-------- AVAILABLE RECORDS --------

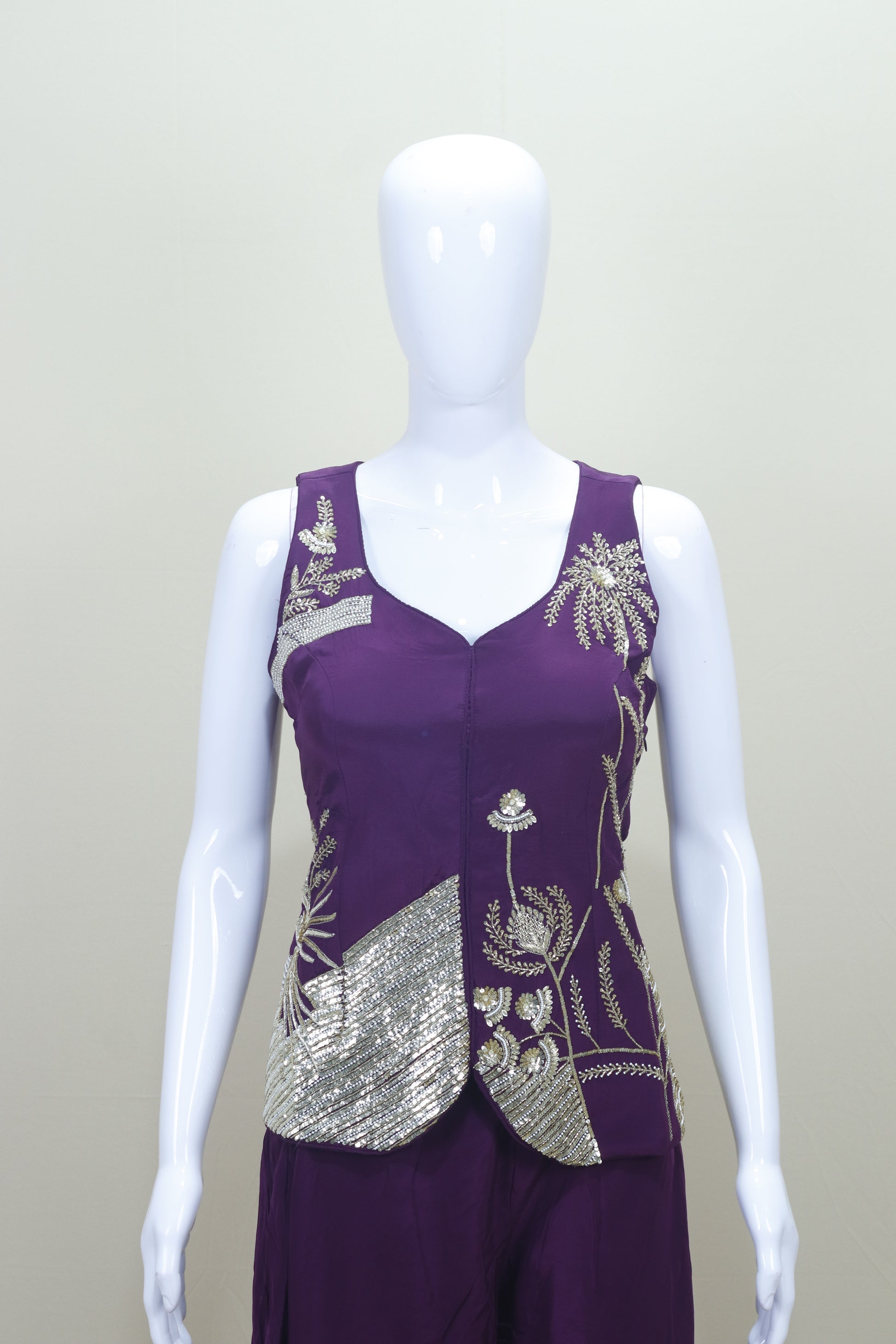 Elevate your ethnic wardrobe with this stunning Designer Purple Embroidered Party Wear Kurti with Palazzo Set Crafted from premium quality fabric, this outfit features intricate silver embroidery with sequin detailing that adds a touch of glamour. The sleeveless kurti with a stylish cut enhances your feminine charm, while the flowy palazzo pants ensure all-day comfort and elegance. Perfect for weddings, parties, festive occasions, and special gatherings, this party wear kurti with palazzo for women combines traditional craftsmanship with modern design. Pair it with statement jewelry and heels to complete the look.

--------
-------- AVAILABLE RECORDS --------

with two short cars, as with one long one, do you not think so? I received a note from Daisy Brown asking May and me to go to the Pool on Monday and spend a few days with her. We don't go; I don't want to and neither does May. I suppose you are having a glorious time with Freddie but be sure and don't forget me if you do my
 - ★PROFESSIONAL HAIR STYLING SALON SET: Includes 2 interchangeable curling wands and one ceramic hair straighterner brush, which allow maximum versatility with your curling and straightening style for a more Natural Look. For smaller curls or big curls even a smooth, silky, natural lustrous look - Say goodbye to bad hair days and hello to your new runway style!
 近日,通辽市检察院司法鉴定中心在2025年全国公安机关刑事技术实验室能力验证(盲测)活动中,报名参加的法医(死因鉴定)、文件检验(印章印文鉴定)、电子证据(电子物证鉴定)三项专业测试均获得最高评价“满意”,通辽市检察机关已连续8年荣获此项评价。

--------

- _EXERCISE PROMPT_
Working through the listing above, count every line that holds "days" and answer with the count alone.

- _RESULT FOR THIS EXERCISE_
2